Un pli soucieux s’était dessiné sur le front de Chloé. Avait-elle tout deviné du désarroi qui emplissait Sélène ?
– Je ne lui ai pas demandé.
– Demandé quoi ?
– S’il avait reçu la lettre.
Un blanc. Quelques secondes à peine, et pourtant, une éternité. Chloé semblait encore plus déçue que son amie. Rien de nouveau sous le soleil. Peut-être se lassait-elle des histoires de Sélène ?
– Ah. Mais tu auras d’autres occasions, non ?
– Bien sûr qu’on se reverra. Je ne sais plus quand sera la prochaine après-midi jeux, mais au pire, il y a toujours l’école, réfléchit l’adolescente. Je suis vraiment idiote. J’ai eu plusieurs occasions, en plus ! Et chaque fois, j’abandonne au dernier moment. J’ai peur, je crois.
L’adolescente s’était emportée. En colère contre elle-même. L’amour lui prenait chaque atome de sa personne pour le donner à Léo, et pourtant, elle ne parvenait même pas à lui parler comme à une personne normale ! Mais il n’était pas une personne normale à ses yeux. Il était tellement plus.
– Peur de quoi ? continua Chloé. Tu sais, l’amour, ça me terrifie. Et en même temps, j’ai accepté d’être avec Félix. Et regarde ! Je suis encore vivante !
– Mais je fais comment, hein ?
– Il ne s’est vraiment rien passé entre vous deux ?
Alors Sélène pensa à toutes les sensations qui lui avaient étreint le cœur la veille, et commença à raconter. Le Loup-Garou, où deux coïncidences paraissaient improbables. Les regards échangés, cette bulle étrange qui les englobait tous les deux. Les parties d’Awalé à répétition, puis le cache-cache, après. Et les frissons qui l’avaient parcourue alors que Léo se tenait dans son dos, pendant qu’ils dégustaient leur part de tarte.
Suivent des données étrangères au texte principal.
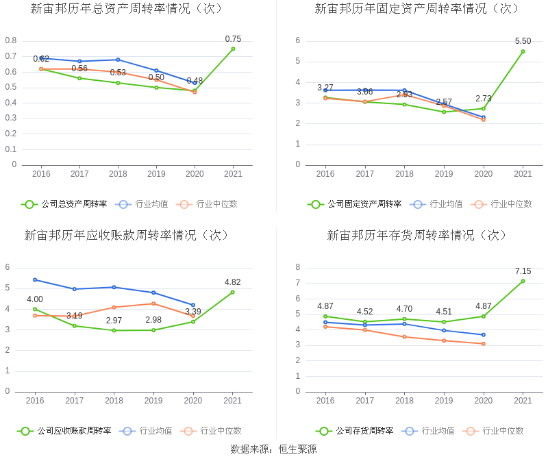 营运能力方面,2021年,益达娱乐总资产周转率为0.75次,上年同期为0.48次(2020年行业平均值为0.53次,益达娱乐位居同行业10/25);固定资产周转率为5.50次,上年同期为2.73次(2020年行业平均值为2.31次,益达娱乐位居同行业9/25);益达娱乐应收账款周转率、存货周转率分别4.82次、7.15次。

C’étaient des détails, insignifiants pour d’autres, mais tellement importants pour Sélène.
– C’est comme si on avait passé un accord tacite, conclut-elle. On s’aime, mais personne ne le sait. Nous n’en parlons pas entre nous… Mais c’est bien là. C’est bien réel.
– Ah, tu vois ! Il y a bien quelque chose entre lui et toi, Sélène. Je pense qu’il doit quand même être sous ton charme sans te le laisser paraître… Mais pour en être vraiment sûre, il faudrait lui demander la prochaine fois. Assure-toi que vous êtes seuls, comme ça tu as moins de stress, et vous serez plus tranquilles. Et tu lui poses la question ! Je suis certaine que tu peux le faire. Demande-lui s’il a bien reçu la lettre, et pour le reste, improvise. J’ai une énorme confiance en toi. Le moment venu, tu sauras exactement quoi lui dire, et tu feras les bons choix. Je te le promets.
– Tu crois vraiment ?
– Bien sûr, Sélène. Et puis même si par malheur, il ne partage pas les mêmes sentiments que toi… ce n’est pas grave, parce que tu l’auras toujours comme ami. Et je suis certaine que si cette fois n’est pas la bonne, tu trouveras un jour le véritable prince charmant.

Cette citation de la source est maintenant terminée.